Methods A systematic review of RCTs published from 2004 to 2024 was conducted via MEDLINE and Embase. Screening and assessment was conducted by two reviewers based on the van ’t Hooft et al. criteria, which scores 13 clinical utility and transparency items on a 0-2 scale; including context placement, information gain, feasibility, patient-centeredness, pragmatism, value for money, and transparency. Descriptive statistics and regression analyses explored trends over time.

Results Among 135 included RCTs out of the 912 records, most performed well in areas like context placement and conflict-of-interest disclosure. However, major gaps were found in raw data availability (9.6%), self-evaluated cost-value analysis (0%), and self-evaluation for pragmatism (0.7%). Total usefulness improved over time, with transparency rising more than clinical utility between 2004 and 2024. A significant positive correlation was found between transparency and clinical utility (r = 0.50, p < .001), highlighting the need for more pragmatic and transparent trials to guide interventional radiology practice.

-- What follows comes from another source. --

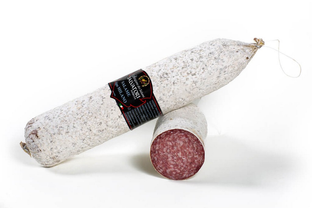 Salume a grana medio grande preparato con carni suine magre, viene aromatizzato con spezie piccanti che rendono questo prodotto una vera specialità artigianale.

Conclusion This study aimed to identify and quantify the usefulness and clinical applicability of RCTs evaluating TACE/TARE in hepatic malignancies by addressing study design limitations, using the van ‘t Hooft et al. usefulness framework, and determining areas for improvement in transparency and applicability. Despite improvements, critical elements such as budget impact calculation, pragmatism, and data sharing remain underreported. Given the multiple factors that influence treatment choice for HCC, future clinical trials should aim to increase real-world applicability in their design through multi-site collaborations that reflect the range of treatment resources across different communities. Closing these gaps in transparency and pragmatism will make research outcomes in TACE/TARE for HCC more trustworthy, clinically relevant and beneficial to patients.